Associating a restrictive SCC with the version-... pods is not a supported operation. We have [1] tracking an RFE for clearer reporting when this happens, but ideally folks fix impacted customers by fixing whatever component is making these SCC associations. But from [2]: > When the complete set of available SCCs are determined they are ordered by: > > 1. Highest priority first, nil is considered a 0 priority > 2. If priorities are equal, the SCCs will be sorted from most restrictive to least restrictive > 3. If both priorities and restrictions are equal the SCCs will be sorted by name And from [3]: > The set of SCCs that admission uses to authorize a pod are determined by the user identity and groups that the user belongs to. Additionally, if the pod specifies a service account, the set of allowable SCCs includes any constraints accessible to the service account. > > Admission uses the following approach to create the final security context for the pod: > > 1. Retrieve all SCCs available for use. > 2. Generate field values for security context settings that were not specified on the request. > 3. Validate the final settings against the available constraints.
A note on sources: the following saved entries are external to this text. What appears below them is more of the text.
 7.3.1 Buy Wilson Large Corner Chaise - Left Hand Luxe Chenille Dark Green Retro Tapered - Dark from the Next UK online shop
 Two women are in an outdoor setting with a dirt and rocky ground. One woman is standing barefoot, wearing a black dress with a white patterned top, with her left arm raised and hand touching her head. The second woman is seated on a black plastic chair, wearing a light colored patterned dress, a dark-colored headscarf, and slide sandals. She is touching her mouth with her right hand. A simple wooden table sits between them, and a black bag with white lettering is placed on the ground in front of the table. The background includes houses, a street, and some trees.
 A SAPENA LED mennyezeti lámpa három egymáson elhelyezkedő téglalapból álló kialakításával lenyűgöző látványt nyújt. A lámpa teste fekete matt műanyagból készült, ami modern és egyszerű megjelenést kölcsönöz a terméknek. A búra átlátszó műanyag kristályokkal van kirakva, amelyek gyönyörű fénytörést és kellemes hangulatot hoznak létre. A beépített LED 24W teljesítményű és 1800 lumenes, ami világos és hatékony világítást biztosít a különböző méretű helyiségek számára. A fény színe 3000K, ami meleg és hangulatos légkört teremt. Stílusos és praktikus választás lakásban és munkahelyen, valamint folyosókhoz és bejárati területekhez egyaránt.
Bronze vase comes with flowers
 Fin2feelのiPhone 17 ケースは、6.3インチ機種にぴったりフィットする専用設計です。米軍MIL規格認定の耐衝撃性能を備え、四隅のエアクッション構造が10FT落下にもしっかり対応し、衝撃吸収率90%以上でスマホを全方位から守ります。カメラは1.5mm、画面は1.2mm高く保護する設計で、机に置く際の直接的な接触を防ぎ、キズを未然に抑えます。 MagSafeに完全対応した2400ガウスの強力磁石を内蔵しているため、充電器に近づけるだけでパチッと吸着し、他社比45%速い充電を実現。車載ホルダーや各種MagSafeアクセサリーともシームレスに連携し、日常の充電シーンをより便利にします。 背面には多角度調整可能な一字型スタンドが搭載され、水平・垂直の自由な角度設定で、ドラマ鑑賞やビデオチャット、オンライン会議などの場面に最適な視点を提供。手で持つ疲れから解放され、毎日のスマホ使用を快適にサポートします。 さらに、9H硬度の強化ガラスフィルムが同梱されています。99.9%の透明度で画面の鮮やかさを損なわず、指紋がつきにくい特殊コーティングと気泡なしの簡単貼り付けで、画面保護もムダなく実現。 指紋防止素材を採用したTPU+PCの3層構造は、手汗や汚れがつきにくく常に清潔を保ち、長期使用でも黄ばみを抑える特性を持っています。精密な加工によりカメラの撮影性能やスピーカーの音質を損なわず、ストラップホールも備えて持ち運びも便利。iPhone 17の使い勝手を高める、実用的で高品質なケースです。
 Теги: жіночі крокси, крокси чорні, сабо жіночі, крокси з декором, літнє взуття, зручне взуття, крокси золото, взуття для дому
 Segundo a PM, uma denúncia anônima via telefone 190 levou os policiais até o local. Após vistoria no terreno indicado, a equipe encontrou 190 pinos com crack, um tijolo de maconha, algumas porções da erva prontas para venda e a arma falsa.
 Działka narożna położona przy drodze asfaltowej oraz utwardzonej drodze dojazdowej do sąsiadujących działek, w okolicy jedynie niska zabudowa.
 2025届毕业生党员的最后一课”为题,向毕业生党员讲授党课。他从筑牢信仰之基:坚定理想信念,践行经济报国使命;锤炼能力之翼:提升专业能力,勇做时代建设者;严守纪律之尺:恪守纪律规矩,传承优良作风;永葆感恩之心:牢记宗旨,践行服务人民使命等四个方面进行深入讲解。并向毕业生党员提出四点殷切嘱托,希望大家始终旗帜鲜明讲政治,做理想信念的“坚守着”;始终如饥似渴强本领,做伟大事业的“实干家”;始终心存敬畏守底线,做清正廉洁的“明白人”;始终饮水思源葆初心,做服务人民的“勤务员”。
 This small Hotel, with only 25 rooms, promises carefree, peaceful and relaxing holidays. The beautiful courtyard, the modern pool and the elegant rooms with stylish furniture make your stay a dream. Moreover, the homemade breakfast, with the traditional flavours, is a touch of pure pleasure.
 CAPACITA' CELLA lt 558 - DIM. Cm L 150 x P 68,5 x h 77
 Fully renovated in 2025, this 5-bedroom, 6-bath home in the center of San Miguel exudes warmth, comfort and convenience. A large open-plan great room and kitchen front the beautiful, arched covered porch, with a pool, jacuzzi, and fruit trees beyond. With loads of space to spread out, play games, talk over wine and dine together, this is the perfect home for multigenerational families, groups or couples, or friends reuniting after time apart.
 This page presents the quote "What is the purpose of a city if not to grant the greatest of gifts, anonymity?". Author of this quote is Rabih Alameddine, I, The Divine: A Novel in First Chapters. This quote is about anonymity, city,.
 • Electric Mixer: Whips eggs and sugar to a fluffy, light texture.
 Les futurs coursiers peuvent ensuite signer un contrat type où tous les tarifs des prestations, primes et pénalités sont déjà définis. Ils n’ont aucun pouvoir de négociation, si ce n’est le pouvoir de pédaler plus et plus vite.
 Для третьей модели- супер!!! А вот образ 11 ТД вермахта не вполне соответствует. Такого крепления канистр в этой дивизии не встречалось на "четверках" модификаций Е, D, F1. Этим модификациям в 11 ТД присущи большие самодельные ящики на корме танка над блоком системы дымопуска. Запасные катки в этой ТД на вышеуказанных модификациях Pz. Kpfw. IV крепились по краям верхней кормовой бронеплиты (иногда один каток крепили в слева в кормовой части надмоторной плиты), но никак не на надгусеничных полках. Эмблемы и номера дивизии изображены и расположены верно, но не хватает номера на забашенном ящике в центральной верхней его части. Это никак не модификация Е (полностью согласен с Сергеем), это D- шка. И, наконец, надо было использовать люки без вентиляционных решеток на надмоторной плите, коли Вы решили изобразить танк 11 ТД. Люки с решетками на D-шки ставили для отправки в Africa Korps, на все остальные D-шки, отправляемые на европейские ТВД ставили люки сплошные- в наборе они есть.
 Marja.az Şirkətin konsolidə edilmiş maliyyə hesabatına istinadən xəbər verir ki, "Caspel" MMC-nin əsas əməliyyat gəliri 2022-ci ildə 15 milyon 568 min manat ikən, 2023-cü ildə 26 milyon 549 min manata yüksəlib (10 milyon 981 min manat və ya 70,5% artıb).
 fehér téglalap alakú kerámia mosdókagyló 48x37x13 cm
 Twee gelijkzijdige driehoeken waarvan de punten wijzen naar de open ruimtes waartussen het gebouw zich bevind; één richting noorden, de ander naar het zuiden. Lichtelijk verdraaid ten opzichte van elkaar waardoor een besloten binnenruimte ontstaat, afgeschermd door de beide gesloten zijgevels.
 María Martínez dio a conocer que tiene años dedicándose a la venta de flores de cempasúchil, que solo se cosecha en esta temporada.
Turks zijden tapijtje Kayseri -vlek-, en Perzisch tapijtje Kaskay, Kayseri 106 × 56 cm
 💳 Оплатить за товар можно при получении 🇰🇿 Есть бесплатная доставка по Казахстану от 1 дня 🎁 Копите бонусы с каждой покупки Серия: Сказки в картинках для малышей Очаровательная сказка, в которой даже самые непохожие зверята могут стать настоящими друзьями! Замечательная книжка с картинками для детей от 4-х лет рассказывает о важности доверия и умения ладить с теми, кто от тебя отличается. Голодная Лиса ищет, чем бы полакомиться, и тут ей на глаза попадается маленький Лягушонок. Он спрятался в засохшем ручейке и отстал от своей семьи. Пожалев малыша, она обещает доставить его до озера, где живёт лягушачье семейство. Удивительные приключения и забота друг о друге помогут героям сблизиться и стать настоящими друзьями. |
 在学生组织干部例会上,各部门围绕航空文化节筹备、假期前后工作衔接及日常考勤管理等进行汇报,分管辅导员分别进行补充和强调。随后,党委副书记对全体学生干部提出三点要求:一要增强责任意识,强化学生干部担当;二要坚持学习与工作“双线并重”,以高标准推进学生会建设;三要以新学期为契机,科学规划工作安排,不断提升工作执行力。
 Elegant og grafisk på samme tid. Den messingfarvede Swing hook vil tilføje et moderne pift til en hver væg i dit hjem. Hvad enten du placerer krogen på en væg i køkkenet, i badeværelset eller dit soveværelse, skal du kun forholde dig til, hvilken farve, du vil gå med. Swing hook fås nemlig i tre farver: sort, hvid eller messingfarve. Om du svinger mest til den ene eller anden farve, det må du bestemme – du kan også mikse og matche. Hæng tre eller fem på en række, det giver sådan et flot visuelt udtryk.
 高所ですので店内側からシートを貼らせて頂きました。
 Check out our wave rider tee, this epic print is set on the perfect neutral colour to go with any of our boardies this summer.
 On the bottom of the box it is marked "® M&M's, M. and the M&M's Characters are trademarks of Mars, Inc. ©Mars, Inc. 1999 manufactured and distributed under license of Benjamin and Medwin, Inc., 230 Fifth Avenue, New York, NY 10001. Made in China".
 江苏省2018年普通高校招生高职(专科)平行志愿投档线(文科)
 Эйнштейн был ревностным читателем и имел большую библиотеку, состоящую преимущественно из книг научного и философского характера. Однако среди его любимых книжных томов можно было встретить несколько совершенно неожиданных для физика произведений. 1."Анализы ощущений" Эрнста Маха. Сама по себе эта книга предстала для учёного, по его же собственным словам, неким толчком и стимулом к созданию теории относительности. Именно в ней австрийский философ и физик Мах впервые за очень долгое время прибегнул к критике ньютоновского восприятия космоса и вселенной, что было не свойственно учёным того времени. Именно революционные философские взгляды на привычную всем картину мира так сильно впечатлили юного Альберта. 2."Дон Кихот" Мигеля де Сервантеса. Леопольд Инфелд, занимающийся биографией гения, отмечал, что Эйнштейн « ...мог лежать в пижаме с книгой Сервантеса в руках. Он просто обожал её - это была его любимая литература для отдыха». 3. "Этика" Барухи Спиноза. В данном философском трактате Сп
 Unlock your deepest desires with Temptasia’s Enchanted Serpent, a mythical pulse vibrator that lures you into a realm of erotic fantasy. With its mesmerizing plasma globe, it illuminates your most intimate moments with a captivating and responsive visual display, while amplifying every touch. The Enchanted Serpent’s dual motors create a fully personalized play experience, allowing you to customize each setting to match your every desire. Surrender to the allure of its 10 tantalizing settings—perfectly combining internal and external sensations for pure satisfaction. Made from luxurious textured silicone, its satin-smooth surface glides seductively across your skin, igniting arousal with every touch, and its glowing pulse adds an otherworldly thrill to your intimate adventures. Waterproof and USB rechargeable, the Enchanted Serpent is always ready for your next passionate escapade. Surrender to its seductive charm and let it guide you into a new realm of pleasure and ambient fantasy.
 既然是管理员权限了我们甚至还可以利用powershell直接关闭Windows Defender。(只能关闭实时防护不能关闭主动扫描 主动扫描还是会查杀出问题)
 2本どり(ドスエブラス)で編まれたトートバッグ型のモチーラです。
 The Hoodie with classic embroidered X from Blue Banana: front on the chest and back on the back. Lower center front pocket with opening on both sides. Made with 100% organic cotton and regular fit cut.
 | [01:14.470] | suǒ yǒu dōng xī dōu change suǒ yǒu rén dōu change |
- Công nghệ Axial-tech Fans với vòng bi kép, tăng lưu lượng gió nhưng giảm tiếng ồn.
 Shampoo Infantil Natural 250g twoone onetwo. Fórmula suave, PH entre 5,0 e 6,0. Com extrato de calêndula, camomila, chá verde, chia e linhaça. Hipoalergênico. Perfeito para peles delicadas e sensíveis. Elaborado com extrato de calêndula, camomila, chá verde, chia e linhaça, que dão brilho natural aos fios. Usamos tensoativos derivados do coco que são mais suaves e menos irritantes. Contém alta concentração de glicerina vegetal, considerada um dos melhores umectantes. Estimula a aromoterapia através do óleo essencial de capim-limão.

Your kube-aad-proxy-scc has 'priority: null', which should put it at the bottom of the ranking of relevant-to-this-pod SCCs. I'll poke around and see what the default SCCs look like... [1]: https://issues.redhat.com/browse/OTA-680 [2]: https://docs.openshift.com/container-platform/4.10/authentication/managing-security-context-constraints.html#scc-prioritization_configuring-internal-oauth [3]: https://docs.openshift.com/container-platform/4.10/authentication/managing-security-context-constraints.html#admission_configuring-internal-oauth
Also likely relevant, 4.10 both grew pod-security.kubernetes.io/* annotations [1] and cleared the openshift.io/run-level annotation [2]. $ git --no-pager log --oneline -3 origin/release-4.10 -- install/0000_00_cluster-version-operator_00_namespace.yaml 539e9449 (origin/pr/623) Fix run-level label to empty string. f58dd1c5 (origin/pr/686) install: Add description annotations to manifests 6e5e23e3 (origin/pr/668) podsecurity: enforce privileged for openshift-cluster-version namespace None of those were in 4.9: $ git --no-pager log --oneline -1 origin/release-4.9 -- install/0000_00_cluster-version-operator_00_namespace.yaml 70097361 (origin/pr/543) Add management workload annotations And all of them landed in 4.10 via master (so they're in 4.10 before it GAed, and in 4.11 and later too): $ git --no-pager log --oneline -4 origin/master -- install/0000_00_cluster-version-operator_00_namespace.yaml 539e9449 (origin/pr/623) Fix run-level label to empty string. [1]: https://github.com/openshift/cluster-version-operator/pull/668 [2]: https://github.com/openshift/cluster-version-operator/pull/623
Hi Trevor, "Associating a restrictive SCC with the version-... pods is not a supported operation." This is something that is done automatically, I don't know how, but the pod version-... is created with this SCC associated, this is not something under our control, and this is the motivation for which I opened this Bug, to investigate why this SCC is associated with the version-... pod. I hope I have clarified the situation. I remain available in case you have any other questions, thank you!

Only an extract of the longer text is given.